Dr. Duckenson Lorthe Blema, the country's health minister who fell ill and was delayed, believes that he was the intended target.
“I'm not crazy — I wanted to do well and it went badly,” Dr. Blema, who was fired after the attack, said in an interview. “It turned into a fiasco. I am the scapegoat.”
Dr. Blema insisted that he had asked for a police presence at the event and did not know why there was so little protection. He defended the hospital's lack of supplies, saying he intended to “gradually” open the facility as a non-gunshot wound outpatient clinic.
The Minister of Justice admitted that there was no coordination between the Ministry of Health and the police and that no proper security assessment had been carried out beforehand.
“Neighborhoods are run by gangs and the police are working to rebuild them,” he said, noting that while the crisis in the capital and rural Artibonite Valley was severe, much of the country was functioning normally.
Haiti's descent into chaos was largely triggered by the July 2021 assassination of its last elected president, Jovenel Moise. Gangs that make money from illegal checkpoints, extortion and kidnapping have used the political vacuum to expand their territories.
With no elected national leaders, the country is governed by a transitional council made up of rival political parties, and the interim presidency rotates among its members.
The latest surge in violence began on November 11 when the council replaced the prime minister, and gangs took advantage of the political turmoil to shoot down US commercial airliners and escalate their rampage. Haiti's main airport has since been closed.
More than 5,300 people were killed in Haiti last year, and the total number of people forced to leave their homes now exceeds 700,000. International Organization for Migration.
Gang checkpoints and ambushes disrupted food supplies and the nonprofit group Mercy Corp, It estimates that around 5 million people – half the country's population – face severe food insecurity.
New Prime Minister Alix Didier Fils-Aimé announced a pay rise for police officers in his only press conference since taking office nearly two months ago and said he was committed to restoring the rule of law.
The prime minister and members of the presidential council declined to comment for this article.
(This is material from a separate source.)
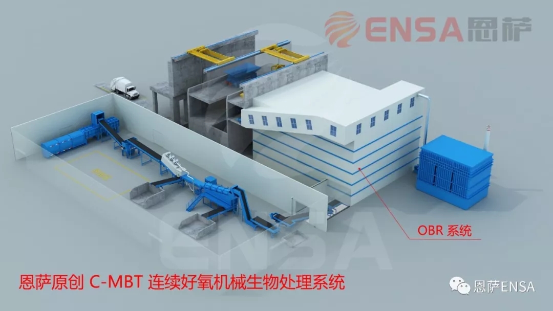 為解決上述問題,恩薩原創(chuàng)性地提出大規(guī)模智能連續(xù)好氧機(jī)械生物處理技術(shù)(以下簡稱“C-MBT”,即:Continuous Mechanical Biological Treatment),即采用 OBR 連續(xù)高效好氧生物反應(yīng)器(恩薩專利)技術(shù)(以下簡稱“OBR”, 即:Oxic Bio-Reactor ),針對已經(jīng)過初步破碎預(yù)處理后的生活垃圾等物料,在封閉的環(huán)境下,以連續(xù)進(jìn)出料和自動翻拋的方式持續(xù)好氧發(fā)酵的過程,從而在相對較短的發(fā)酵時(shí)間內(nèi)持續(xù)獲得較低含水率的高熱值物料。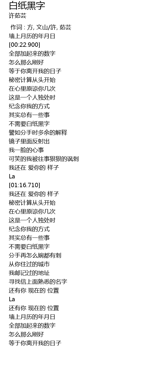 | [00:00.00] | 作词 : 方, 文山/許, 茹芸 |

The President of the Council, Leslie Wolter, in his speech on New Year's Eve, insisted that the elections will be held this year as well, but compared the current situation to a war. A police spokesman said he had no comment.
The commander of the Kenyan-led mission, Godfrey Otunge, also did not respond to requests for comment, complaining that the mission's successes were not publicized enough.
“Haiti's future is bright,” he said in a recent message posted online.
The US State Department, which has allocated $600 million for the Kenyan mission, has defended its record, noting that a recent operation with police resulted in the death of a high-profile gang member.
Two police stations have recently reopened and the Kenyan mission now has a permanent presence near the main port, which has long been controlled by the gangs, the State Department said.
The agency says that the US government sent several materials in December.
But without significantly greater foreign aid, experts say Haiti's deteriorating trajectory is unlikely to be reversed.
“The Haitian government really doesn't know exactly what they're doing,” says Sophie Rutenbar, a visiting scholar at New York University who is helping to direct United Nations operations in Haiti until 2023. worse options.”
Some of the injured journalists blamed gangs and the government for the disaster that cost precious lives.
“None of this would have happened if the state had taken its responsibilities,” said Velondi Miracle, who was shot seven times in the leg, temple and mouth. “The state is a legal force and should not allow pirates access to places where the state cannot respond.”
Andre Paultre Reported from Port-au-Prince, Haiti.